European Central Bank President Christine Lagarde hailed the “swift action” of Swiss officials, saying they were “instrumental in restoring orderly market conditions and ensuring financial stability”.
She reiterated that the European banking sector is resilient, with strong financial reserves and plenty of cash available. Banks “are in a completely different position than they were in 2008” during the financial crisis, in part because of tighter government regulation, she said.
The Swiss government is providing more than 100 billion francs to support the takeover.
As part of the deal, about 16 billion francs ($17.3 billion) of Credit Suisse bonds will be wiped out. European banking regulators use a special type of bond designed to provide banks with a capital cushion in times of distress. The bonds are designed to be wiped out if a bank’s capital falls below a certain level, and this was triggered by the government-brokered deal.
This has raised concerns in the market for these bonds and other banks that hold them.
Berset said the Federal Council had been discussing Credit Suisse issues since the beginning of this year and held urgent meetings last week.
Investors and banking industry analysts were still digesting the deal, but at least one analyst suggested the deal could tarnish Switzerland’s global banking image.
“A nationwide reputation for careful financial management, strong regulatory oversight and, frankly, being somewhat austere and boring when it comes to investments, has been erased,” said Octavio Marenzi, CEO of consulting firm Opimas LLC, in an email.
The Financial Stability Board, an international body that monitors the global financial system, named Credit Suisse one of the world’s largest banks, meaning regulators feared a meltdown could hurt the economy. entire financial system like that of Lehman Brothers 15 years ago.
Credit Suisse’s parent bank is not part of European Union supervision, but it does have entities in several European countries that are.

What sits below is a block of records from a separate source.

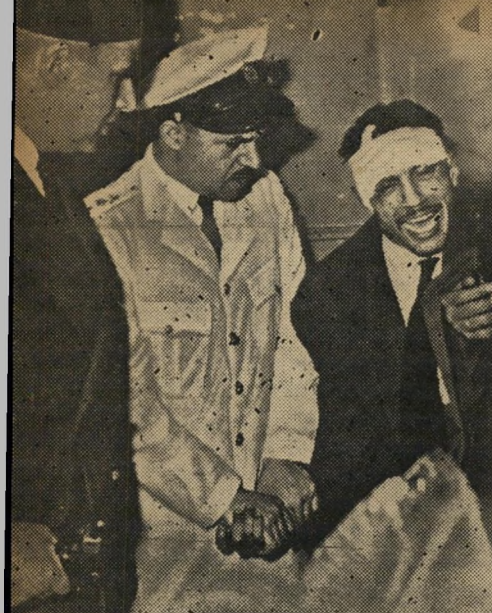
מוחמד בסינוי, פושע משוה הניע לרצוח

עתה, עם סיום המצב הצבאי, הוחזר גם הרכוש. אלא שהאחים, המונים למעלה מ-60.000 חברים במצרים בלבד, החליטו לחזור לזירה החפשית בהפגנה אדירה. הם ציוו
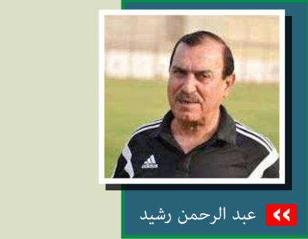
جفاف نهر الإنجاز العراقي

المراقب العراقي / صفاء الخفاجي استطاع المنتخب الوطني بكرة القدم العودة من، أبو ظبي» وشيعتيا القرن الماضي بما جرى لها بعد عام ٢٠٠٣، نجد فجوة هائلة لا يمكن تجاهلها. برغم الظروف الاقتصادية الصعبة، خاصة في فترة التسعينيات، كان العراق يحقق إنجازات رياضية مشرفة. أما بعد عام ٢٠٠٣، وبرغم الوفرة المالية غير المسبوقة التي وضعت في خزان الرياضة، فإن الإنجازات تكدت أكثر من معدومة، والرياضات التي شهدت نجاحات محدودة، لا تكتفي كتعويض الفراغ الكبير. السؤال الأهم: ما سبب هذا التراجع، هل هو غياب الحساسية، أم نقص الضمائر التي تخاف الله، أم ضعف الآليات العلمية والعملية لتطوير الأبطال. أم عدم قدرة المسؤولين على قيادة الرياضة؟ كل هذه الأسئلة تظل بلا إجابة واضحة، بينما تستمر السنوات العجاف على مدار أكثر من ٢٢ عامًا، رغم الدعم الحكومي المالي والمعنوي.
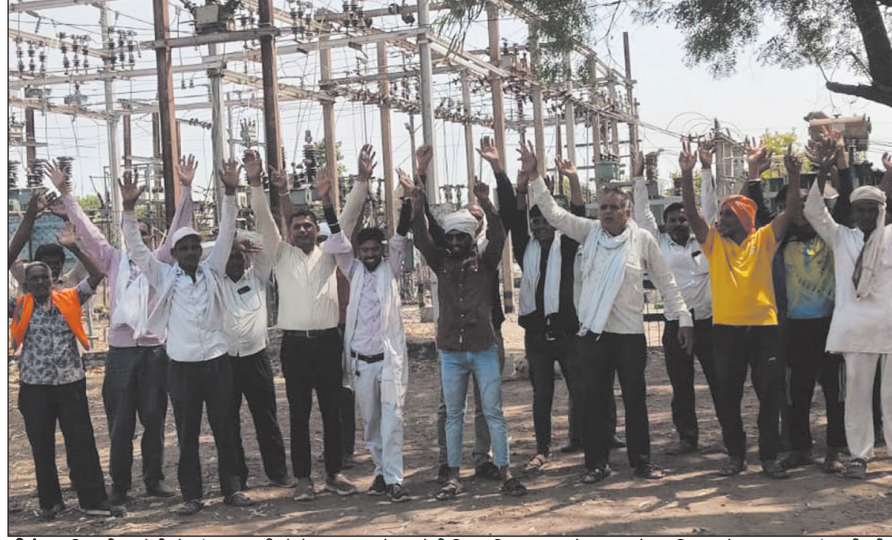
सीहोर. बिजली कटौती से परेशान ग्रामीणों ने शुक्रवार को बरखेड़ी स्थित विद्युत सब स्टेशन का घेराव किया और जमकर नारेबाजी की.

श्यामपुर क्षेत्र के दोराहा में मंडल अध्यक्ष एवं पदाधिकारियों के साथ जनप्रतिनिधियों ने विद्युत वितरण केंद्र पहुंचकर अधिकारियों के साथ बैठक की. बैठक में ग्रामीण क्षेत्रों में लगातार हो रही बिजली कटौती और विद्युत व्यवस्थाओं को लेकर आठ महत्वपूर्ण बिंदुओं पर चर्चा की गई. अधिकारियों ने भरोसा
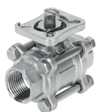
Válvula de bola de 2 vías VZBE
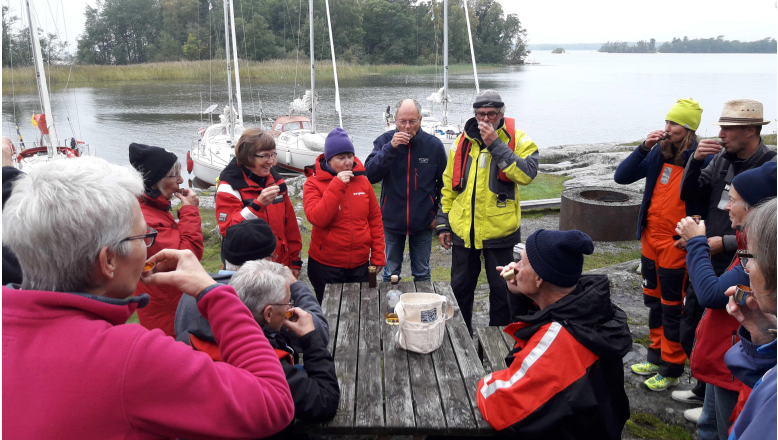
Ankomststubben tas efter tilläggning i Kyrkviken på Ängsö
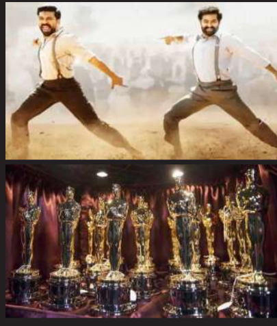
ரசிகர்களிடம் நல்ல வரவேற்பைப் பெற்ற இந்தப் படம் தற்போது ஒஸ்கார் போட்டியிலும் களமிறங்கி
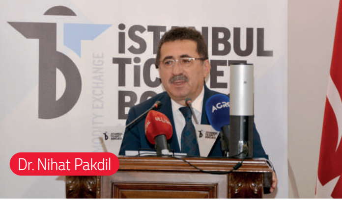
Dr. Nihat Pakdil

destekleri devam edecek. Bu zamana kadar 4 milyar TL'yi aşmış bir destek sağladık. 2022 yılında ithalat ve ihracat gerçekleşmesi yüzde 31'deyken, bu yıl bu rakam %137'de. Cumhuriyet tarihi rekorunu kırdık. İslahçı haklarında şu ana kadar 3 bin 131 başvuru alındı ve bunlardan 2 bin 243 bitki çeşidi koruma altına alındı. Bu koruma altına alınan bitkilerin %50'si yerli ıslahçılar tarafından geliştirildi. Gelişen teknolojiyi kullanacağız. Yerimizde durmayacağız." ifadelerini kullandı.
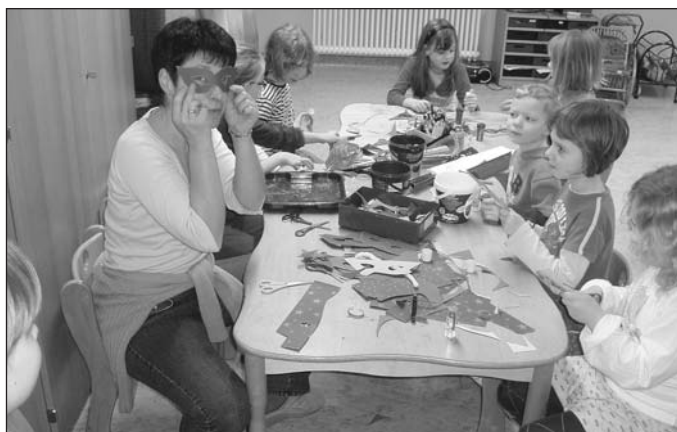
Die Schüler und Erzieherinnen der Traumzauberbaumschule Weißensee
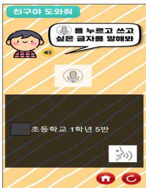
Fig. 3. Writing Friend
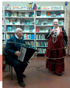
Задорные частушки под баян

Праздничный вечер «Люди пожилые – сердцем молодые» также прошел и в клубе микрорайона Зубовский г. Кимовска, собравший активных представителей старшего поколения, постоянных участников мероприятий.
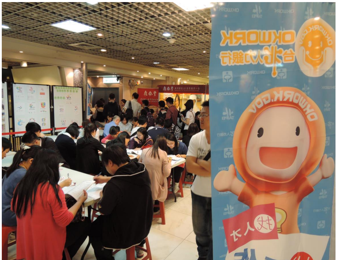
照片 14：103 年 3 月 29 日「OKWORK！馬上加薪」 就業博覽會

Credit Suisse’s problems resurfaced after it reported managers had identified “significant weaknesses” in its internal controls over financial reporting. This stoked fears that this could be the next domino to fall. Many of its problems are unique and unlike the weaknesses that brought down Silicon Valley Bank and Signature Bank. Their failures led to major bailout efforts by the Federal Deposit Insurance Corp. and the Federal Reserve to avoid a crisis similar to that of 2008.
Shares of Credit Suisse plunged to a record high on Wednesday after its biggest investor, the Saudi National Bank, said it would no longer invest money in the bank to avoid triggering regulations that would come into effect if its stake increased by about 10%.
On Friday, its shares fell 8% to close at 1.86 francs ($2) on the Swiss stock exchange. The stock experienced a long downward slide: it traded at more than 80 francs in 2007.
UBS is bigger but Credit Suisse still wields considerable influence, with $1.4 trillion in assets under management. It has major trading desks around the world, caters to the wealthy through its wealth management business and is a major M&A adviser. The bank weathered the 2008 financial crisis unaided, unlike UBS.
Credit Suisse is seeking to raise funds from investors and deploy a new strategy to overcome a series of problems, including bad hedge fund bets, repeated executive board shake-ups and a spy scandal involving UBS.